In einigen dünn gesäten Situationen versucht Recht gleich im Roman selbst zu ergründen, was die Leute an Zombiegeschichten fasziniert. Sherman beispielsweise gerät angesichts einer gigantischen Horde Untoter ins Schwärmen. Die Infizierten sind für ihn ein wahrer Feind, ein Feind ohne moralisches Dilemma, den man ohne schlechtes Gewissen niedermetzeln darf. Die Ägypter kämpfen Seite an Seite mit den Israelis gegen die Rührei-Gehirne. Zombies vereinen die Menschheit, wo Religionen, Gesellschaften und harte Werte-Pluralismen sie einst spalteten.
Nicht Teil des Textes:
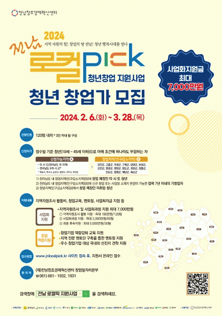 ¡®2024³â Àü³² ·ÎÄÃÇÈ(Local Pick) û³ââ¾÷ Áö¿ø »ç¾÷¡¯Àº µµ³» ÀÚ¿¬È¯°æ ¹× ¹®ÈÀû ÀÚ»êÀ» ±â¹ÝÀ¸·Î â¾÷ ¾ÆÀ̵ð¾î¸¦ ¸ð»öÇÏ°í ¼ºÀå ´Ü°èº° ¸ÂÃãÇü Áö¿øÀ¸·Î Ÿ ½Ã¡¤µµ û³âÀÇ µµ³» À¯ÀÔ°ú Áö¿ª Á¤ÂøÀ» À¯µµÇϱâ À§ÇØ Áö³ 2022³âºÎÅÍ Àα¸°¨¼Ò Áö¿ª 16°³ ±ºÀÇ Áö¿øÀ¸·Î ÃßÁøµÇ´Â »ç¾÷ÀÌ´Ù.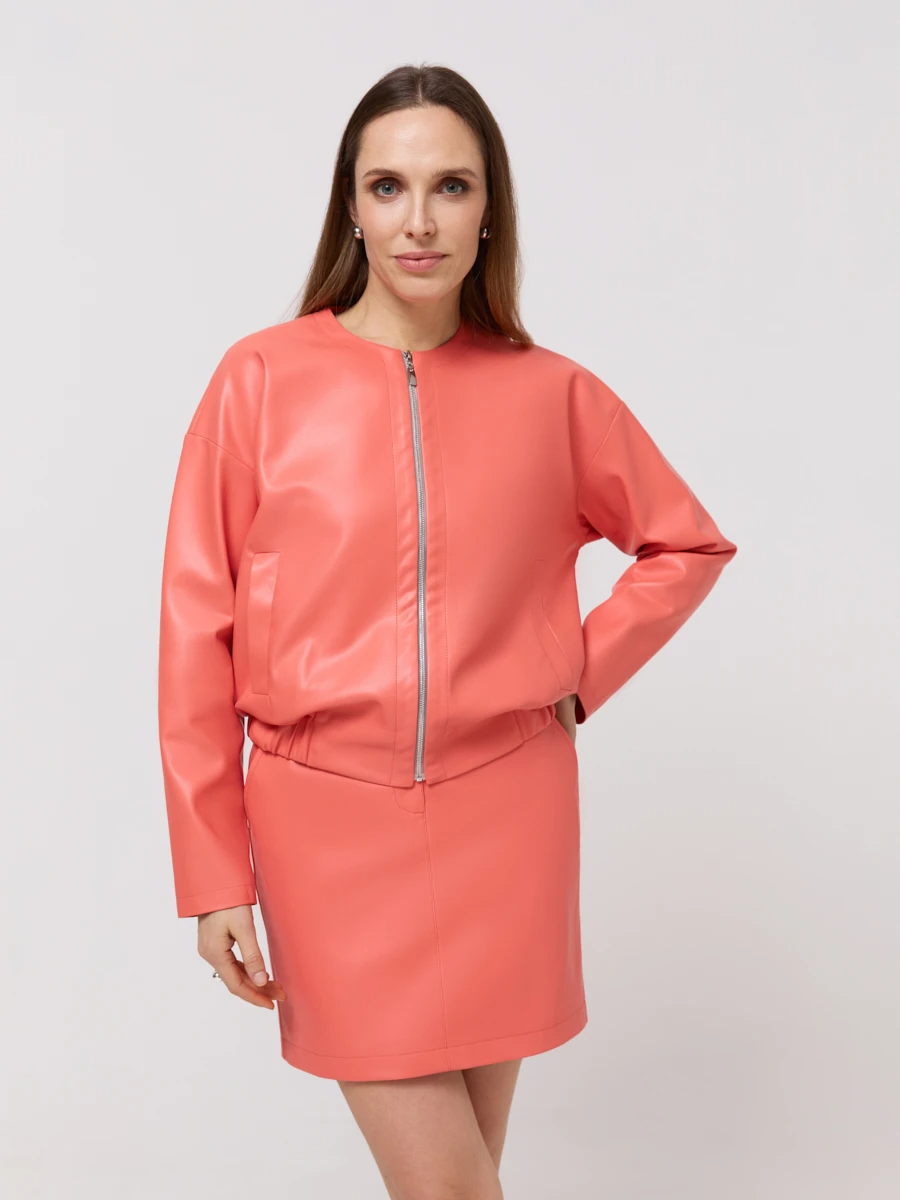 Бомбер из экокожи Коралловый 45.372.1117.062.1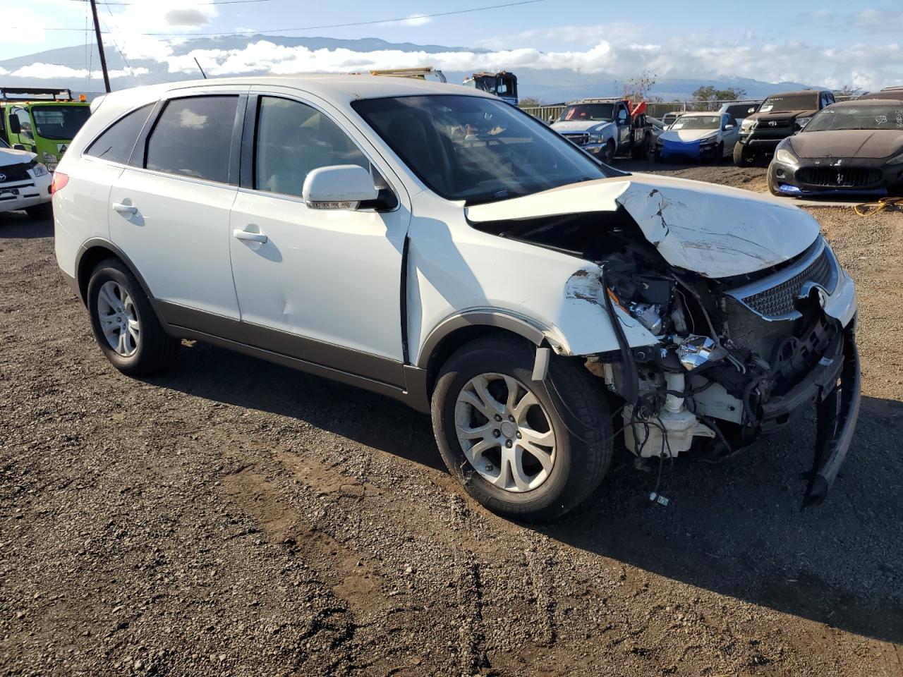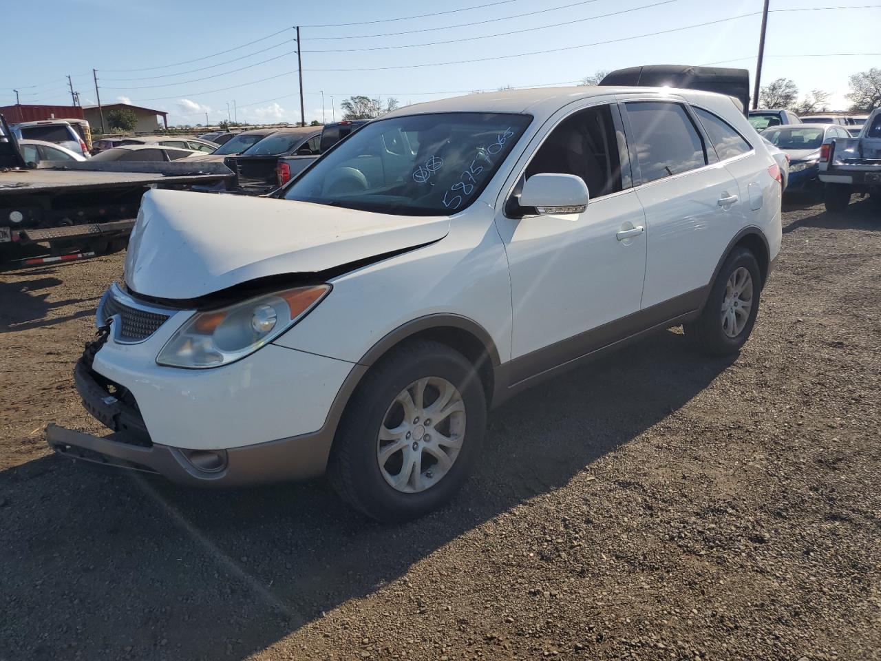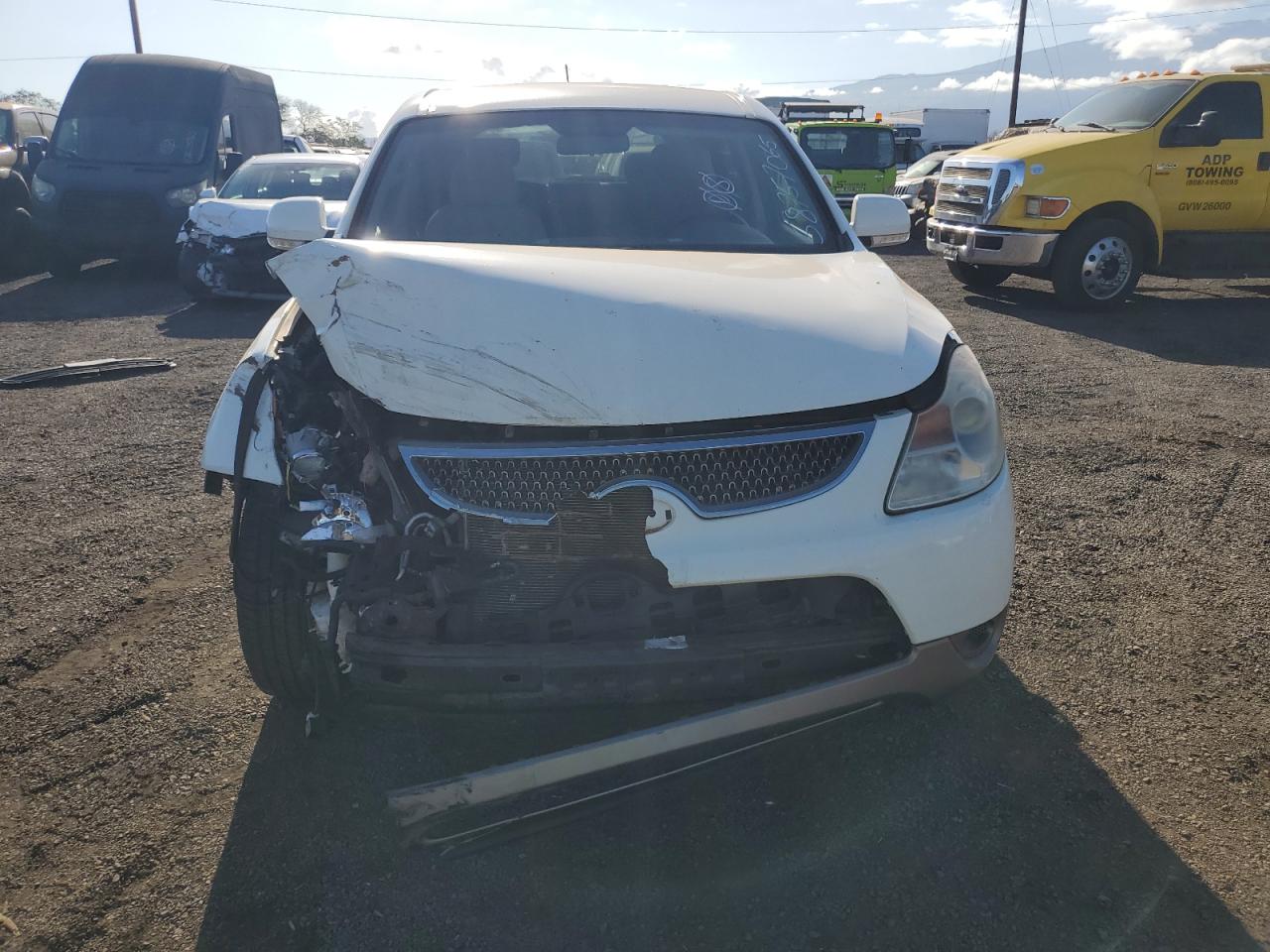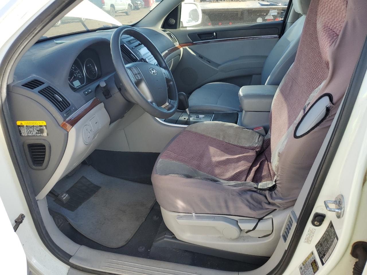 FairThe 2008 HYUNDAI VERACRUZ G, is a white SUV. The primary damage is to the FRONT END, with no secondary damage indicated. The car is a Run & Drive Verified vehicle. The front end exhibits significant damage, including the hood and front components, the lights and glasses are not specified. Interior condition appears to be in acceptable shape. There is visible damage to the seats. The airbag situation is not specified. Overall, the vehicle is in fair condition, requiring some repairs. Mechanical components are not explicitly mentioned as damaged.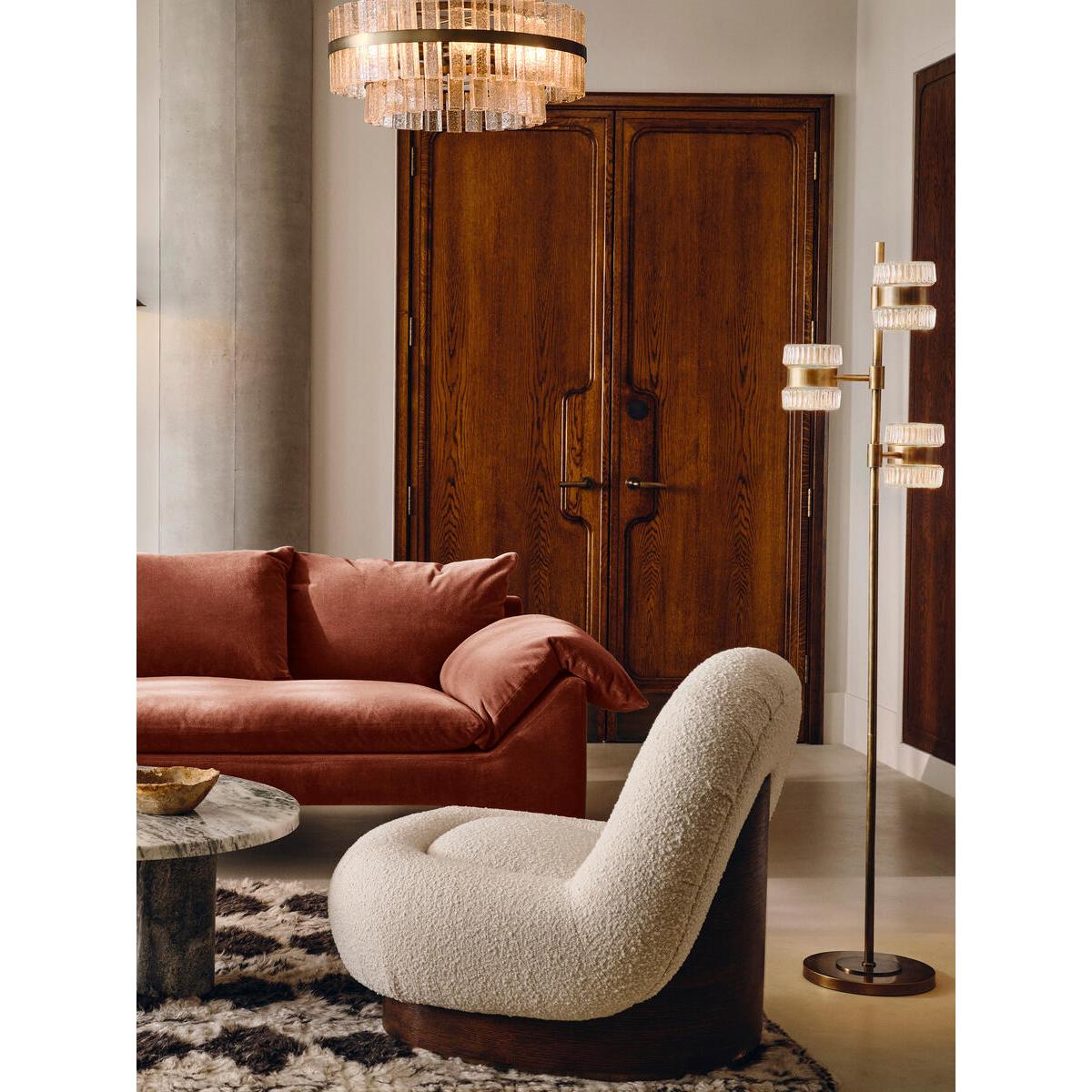 The penser floor lamp is a sleek and modern choice that works particularly well in contemporary or minimalist interiors. I love its elegant brass finish which adds a touch of sophistication, making it a versatile piece for living rooms, bedrooms, or even a chic home office. Practical styling tips include pairing it with neutral-toned furniture to let its metallic details stand out, or using it as a statement piece in a corner to create both ambient and task lighting. Its layered glass accents add texture without overwhelming, making it a functional yet stylish addition to various interior styles.

Neben diesen raren Perlen der Selbstreflexion enthält die durchweg spannend geschriebene und süffig zu lesende Geschichte ziemlich dummes Zeug. Viele Stellen sind beispielsweise viel zu gut geeignet, um Rekruten für das Militär anzuwerben. Man erfährt kaum etwas über die Figuren und ihre Motive, weil der Roman zu 99% aus Handlungsbeschreibung besteht. Einerseits erfüllt der Autor damit die Erwartungen der Zombie-Kultur und hat gut beim Militär recherchiert. Denn neben geballten Schlachten gibt es auch starke, aber leise Spannung. Andererseits ist das Medium Roman doch mehr als jedes andere dazu geeignet, eine Innenperspektive zu entwickelt, persönliche Konflikte und Probleme mit der neuen Weltordnung darzustellen. Diese Möglichkeit der Reibung wird trotz des Anfangs, der durch die Form des Schriftverkehrs vollständig auf die Personen fokussiert ist, nicht wahrgenommen. Ziemlich schade.